Per l’Outlet di Noventa è stato sbagliato tutto e bene ha fatto il sindaco di San Donà ad intervenire sul punto, a nulla valendo la pretesa del Sindaco di Noventa di gestire “in casa” l’intera questione, alla faccia della tanto sbandierata Città del Piave e della condivisione dei progetti e servizi di maggior interesse per tutti i cittadini. Secondo l’impostazione del sindaco Merli, infatti, Noventa dovrebbe appoggiarsi a San Donà quando parliamo di sanità, polizia locale, trasporti e simili, ma quando si tratta di colate di cemento e lucrose attività commerciali, ognuno dovrebbe essere padrone a casa propria.
Troppo comodo.
Alleanza Nazionale ha deciso di puntare in alto, inviando un esposto al Difensore Civico Regionale, Avvocato Vittorio Bottoli, sulla base di una grave omissione nell’iter di approvazione del progetto.
L’art. 18 della Legge regionale n. 15 del 2004, rubricato “Criteri urbanistici per le grandi strutture di vendita e parchi commerciali”, al comma 7 stabilisce che “Tutte le grandi strutture di vendita ed i parchi commerciali con superficie di vendita superiore a mq. 8000 sono assoggettati alla valutazione di impatto ambientale (VIA)” e così pure “le grandi strutture di vendita ed i parchi commerciali con superficie di vendita compresa tra i mq. 4000 e mq. 8000” quando siano annessi a pubblici esercizi.
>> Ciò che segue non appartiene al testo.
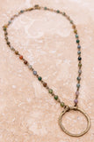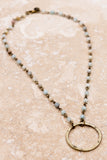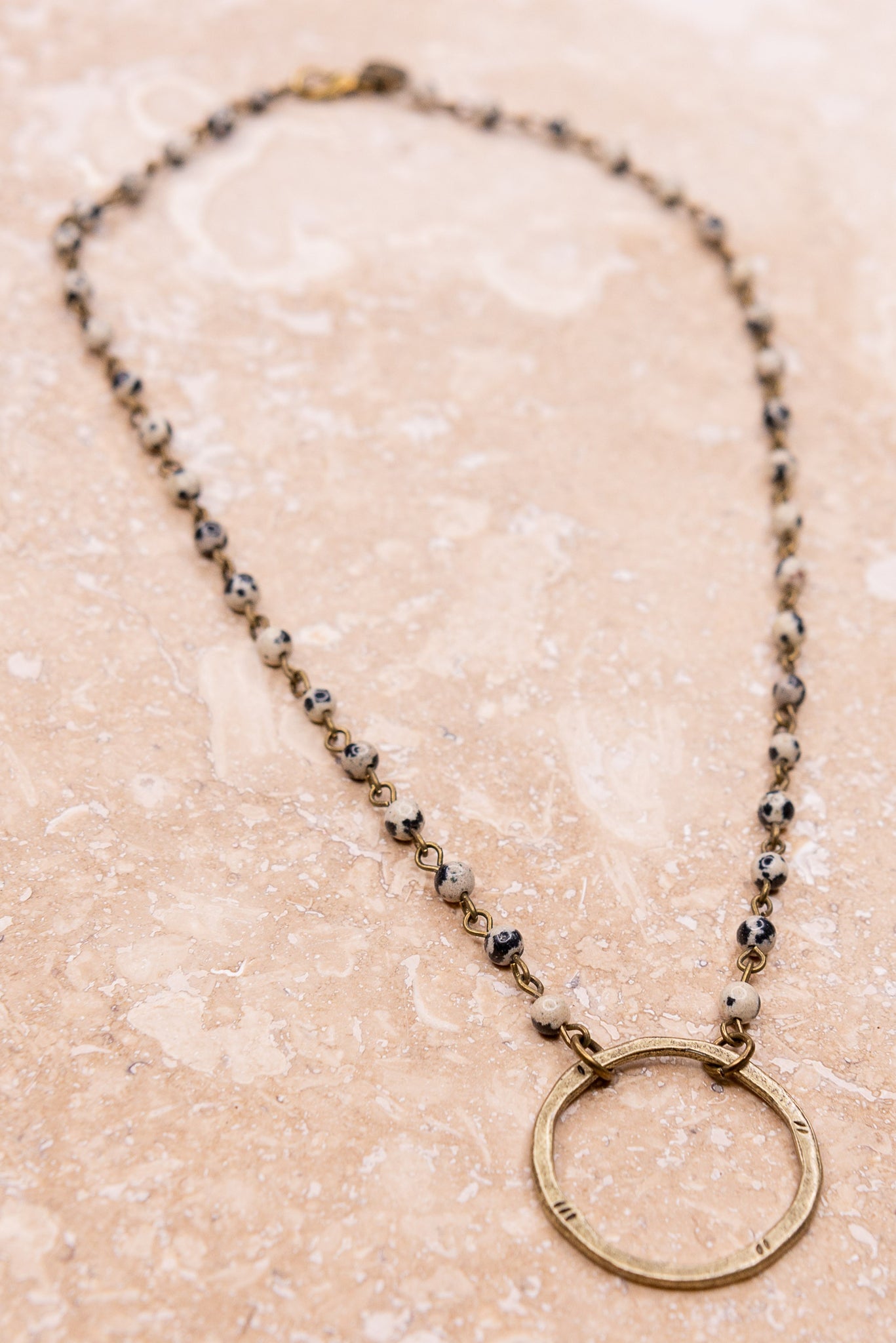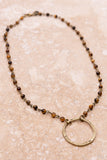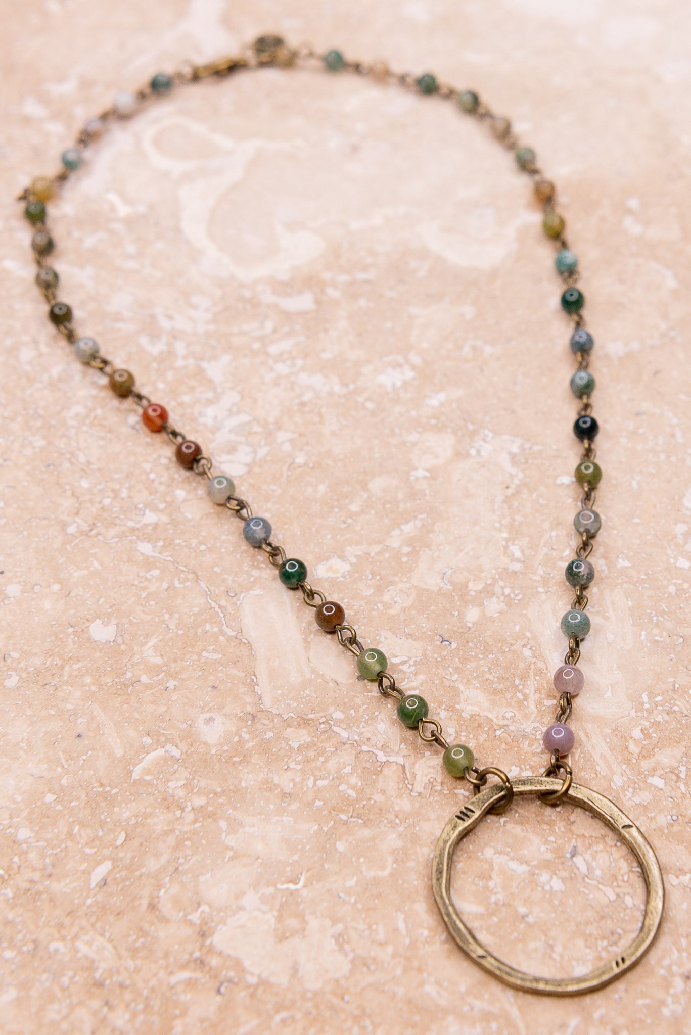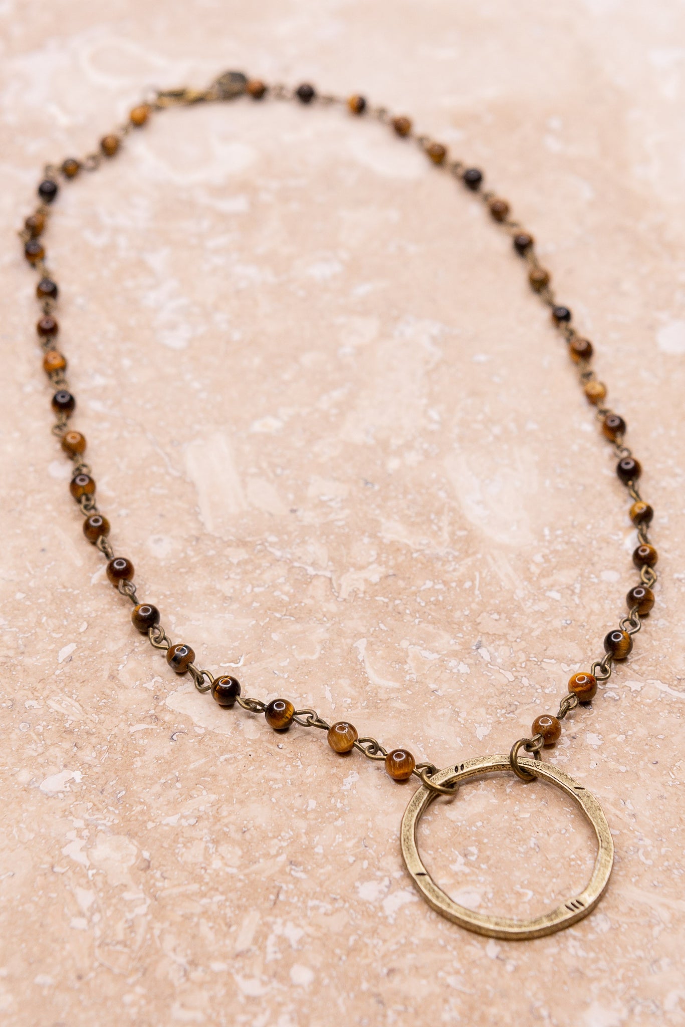 Short, skinny chain link necklace with natural stone beads and bronze ring. Lobster claw closure. Due to natural materials, color/texture may vary. Measurements done when necklace is closed. Chain: 8.5" Ring Diameter: 1.25"

La VIA, introdotta con il DPCM n. 377 del 10 agosto 1988 ("Regolamento delle procedure di compatibilità ambientale”) a seguito dell'emanazione della direttiva 337/85/CEE concernente la valutazione dell'impatto ambientale di determinati progetti pubblici e privati, rivista ed ampliata col DPR 12/4/96, nella regione Veneto è stata dettagliatamente disciplinata con legge regionale 26.3.99, n. 10.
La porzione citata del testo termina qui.